1. A dismounting tool, characterized in that, The disassembly fixture includes a support frame and a first buffer component; The support frame includes a base and a first movable member, the first movable member being movably connected to the base in the vertical direction, the first movable member being used to support the stator of the motor, and the base being used to be installed to the stator retraction component; The first buffer is disposed between the first movable part and the base, and is used to provide cushioning to the first movable part.

2. The dismounting tool according to claim 1, characterized in that The support frame further includes a second movable component and a second buffer component, wherein the second movable component is disposed between the first movable component and the base; The first movable component is movably connected to the second movable component in the vertical direction, and the second movable component is movably connected to the base in the vertical direction. The first buffer is disposed between the first movable member and the second movable member, and the second buffer is disposed between the second movable member and the base.
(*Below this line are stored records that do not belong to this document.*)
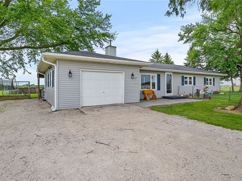 Ranch home situated on over 5 acres with a stocked pond and on pavement. Inside the front door you will find a great living room and kitchen area. The main floor consists of three bedrooms and a full bathroom and one half bathroom. Most of the house has been updated and very well taken care of! Outside there is a great deck over looking the beautiful property and sunsets. A brand new shop has also been built with spray foamed ceiling and a loft. There is a lot of storage with the new shop! Don't miss out on this great property!
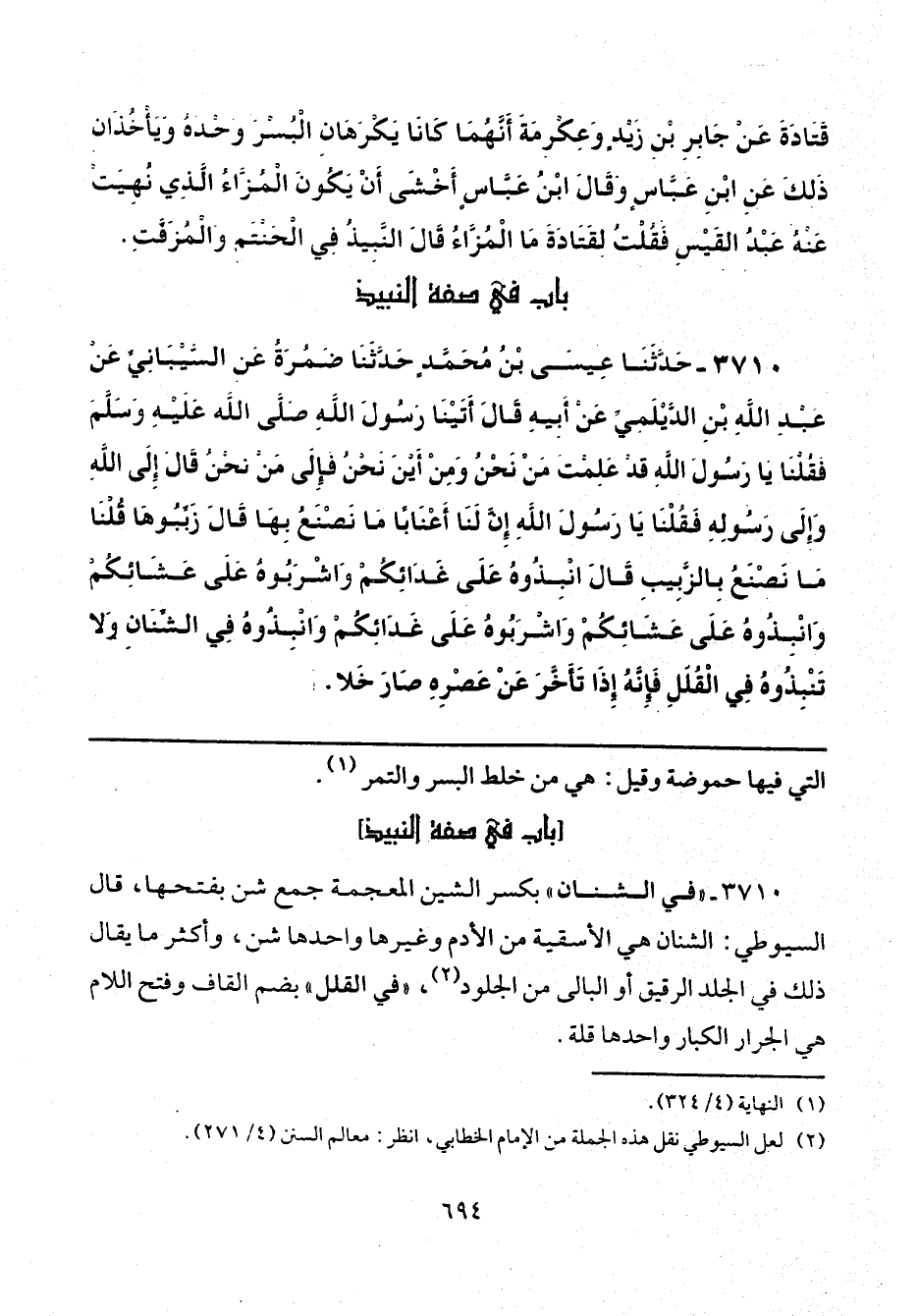 3710 - "في الشنان" بكسر الشين المعجمة جمع شن بفتحهما، قال السيوطي: الشنان هي الأسقية من الأدم وغيوها واحدها شن، وأكثر ما يقال ذلك في الجلد الرقق أو البالي من الجلود (¬2)، "في القلل" بضم القاف وفتح اللام هي الجرار الكبار واحدها قلة.
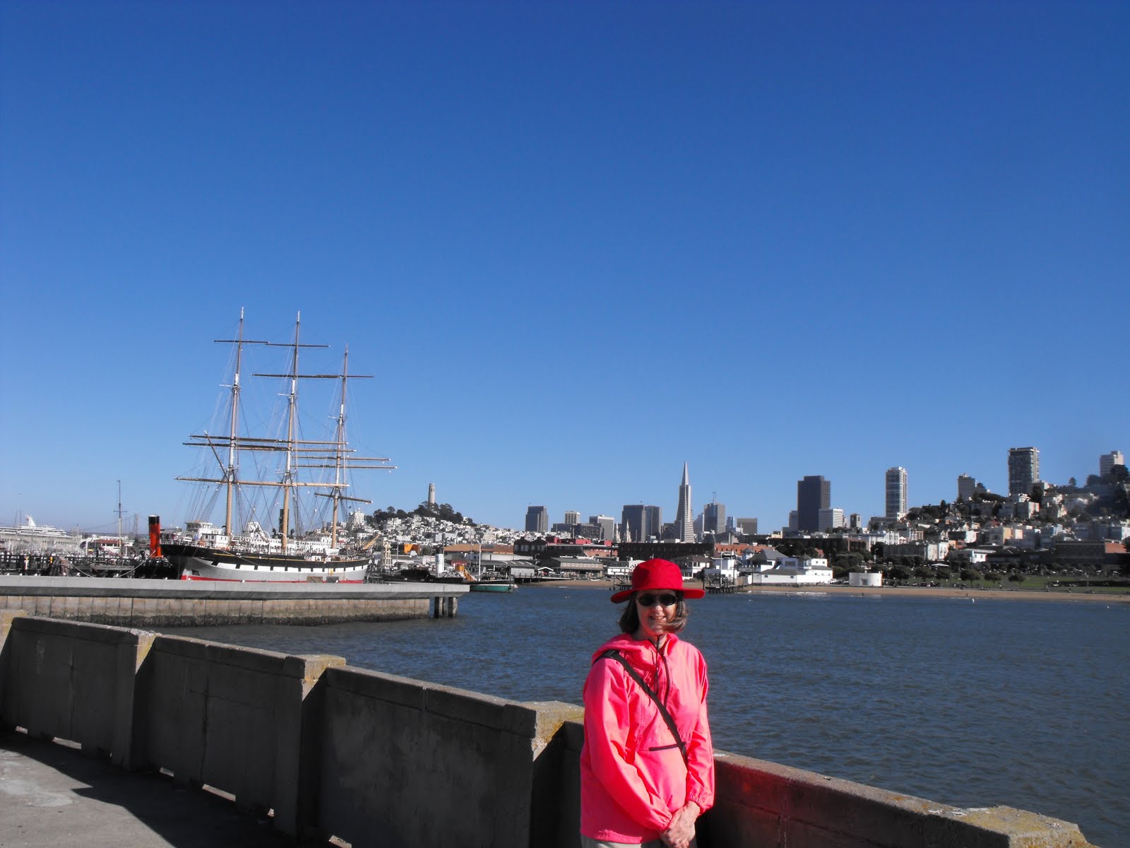 I'm still wading through copy edits, so this post will be quick. I think I'm out on the Municipal Pier here. You can see some of the San Francisco skyline behind me. The building up on the hill on the left is the Coit Tower--it has some great murals--and our legs got quite the workout hiking up to it. (Though any walking in SF is good exercise.) The pointy building is the Transamerica Pyramid. I was puzzled by that ship the last time I was in SF--it's part of the Maritime Museum. It's late 19th century, so not of immediate interest to a Regency writer. The water behind me is the Aquatic Park Cove, shared by boats and swimmers--and I suspect some seals and sea lions (though I'll confess I'm a little unclear of the difference between those two.) My Bookmas clues: 1. What Regency debutantes might do at Almack's; 2. Piccadilly after hours; 3. I was in fourth grade; we were washing our desks.
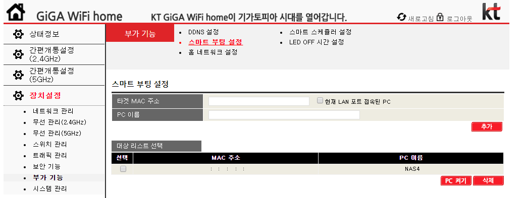 '스마트 부팅 설정' 메뉴에서 '타겟 MAC 주소'를 입력하면 됩니다
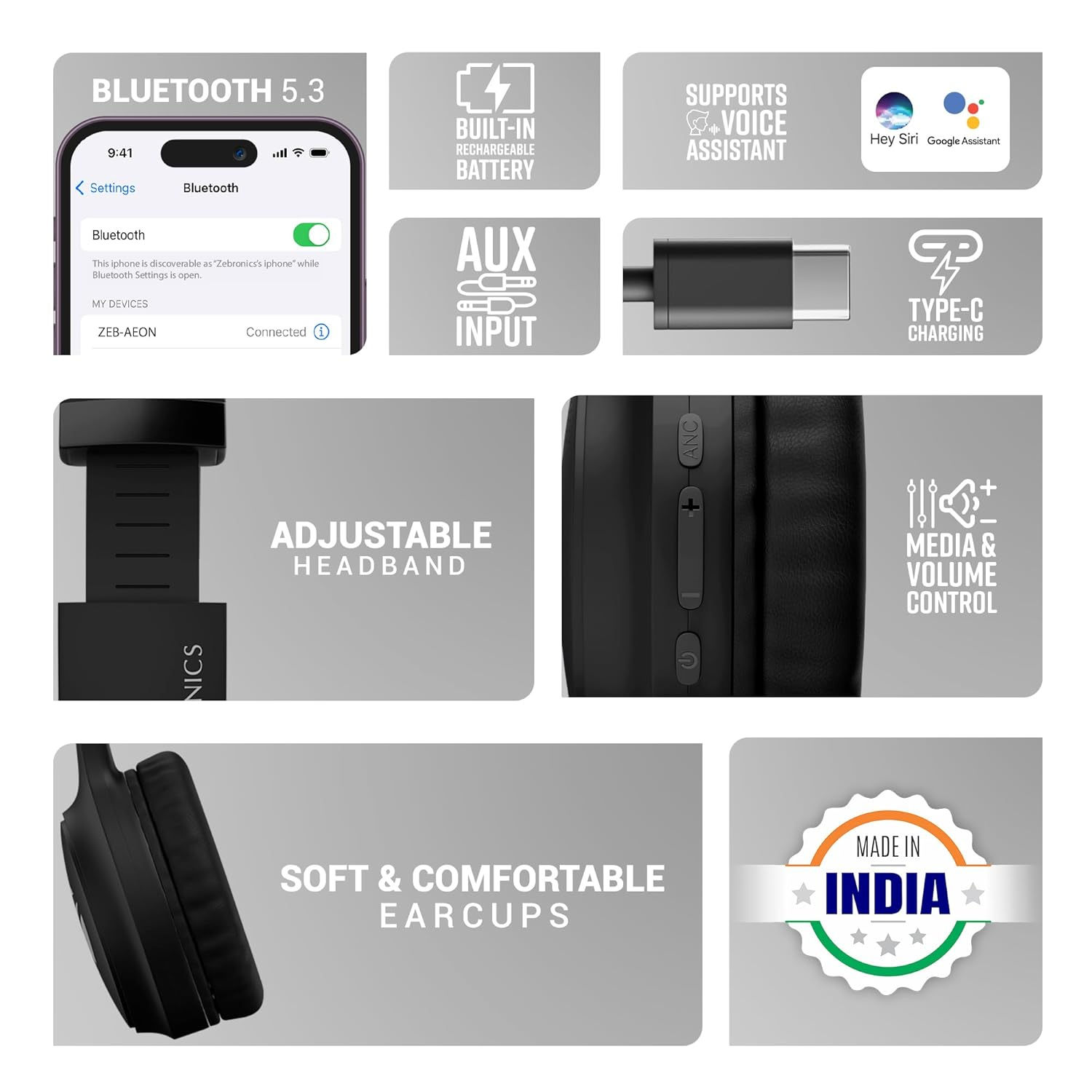 ZEBRONICS AEON Over Ear Wireless Headphone with 110h Battery Backup, Supports Bluetooth & AUX, Gaming Mode, ENC, Dual Pairing, Rapid Charging (Black)

3. The disassembly fixture according to claim 2, characterized in that, One of the first movable member and the second movable member is provided with a first guide member, and the other is provided with a first guide mating part, wherein the first guide member is movably mated with the first guide mating part along the vertical direction; and / or, The second movable component and the base are provided with a second guide component, and the other is provided with a second guide engagement part. The second guide component is movably engaged with the second guide engagement part in the vertical direction.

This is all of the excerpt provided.